Doing more with less. In the cattle business, that’s more than a nice idea; it’s the new survival plan.

“In any manufacturing system, if the number of units is reduced, the revenue per unit must increase,” said Pete Anderson, director of research for Midwest PMS, a U.S. livestock feed company.“The cattle industry must focus on maximizing revenue from each animal produced.”

Larger carcasses? Certainly, he said, but also increasing the value of each pound sold.

Anderson presented his paper, “External Influences on North American Beef Production: How Will the Cattle Feeding Industry Adapt?” as part of the Plains Nutrition Conference in San Antonio, Texas, last month. The full paper is available at https://cabcattle.com/research.

“Premium carcasses like CAB [Certified Angus Beef] or Prime used to be a happy accident that occurred at the outer end of the population distribution, just because there were millions of cattle fed,” he said.

Packers “creamed the coolers” to find quality they could sell for a higher value, but today real-world examples show ranchers reaching 50% Certified Angus Beef ® (CAB®) brand and Prime on large numbers of cattle, with better than average feedlot performance.

“Economic signals are telling us that we need to do more of that,” Anderson said: even with a spike in grading, the Choice-Select spread remains relatively strong and premiums for CAB increasing.

Pete Anderson

“While U.S. per capita consumption has declined with supply, increasing prices are as sign of solid demand; a growing population will continue to consume beef,” he said, but the opportunities aren’t limited to domestic growth.

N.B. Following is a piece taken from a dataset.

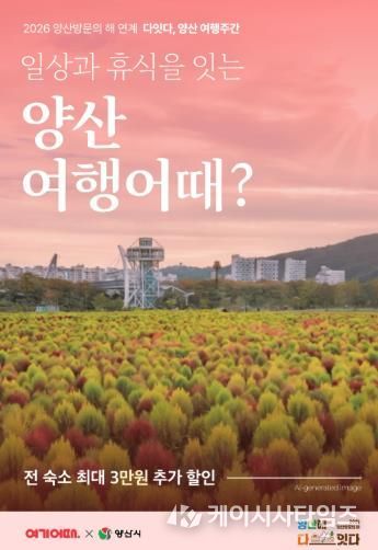 (케이시사타임즈) 양산시는 ‘2026 양산방문의 해’를 맞아 당일형 관광에 치중된 여행 패턴을 관내에서 하룻밤 머무는 ‘체류형 관광’으로 전환하면서 지역 관광 산업에 활력을 불어넣기 위해 추진한 숙박 할인 프로모션 ‘다잇다, 양산 여행주간’이 관광객들의 높은 이용률 속에 개시 일주일 만에 종료됐다고 밝혔다.

Exports accounted for $307 per head in 2013, according to the U.S. Meat Export Federation. By 2030, North America and Europe will have just 18% of the world’s middle class population, compared to 63% in the Asian Pacific.

“North America should get in, stay in and dominate the premium beef market,” Anderson said. “Our resources are best utilized creating big, high-quality cattle that produce an enjoyable eating experience and maximize revenue per animal.”

The cattle that fit that description will only get more valuable, he predicted.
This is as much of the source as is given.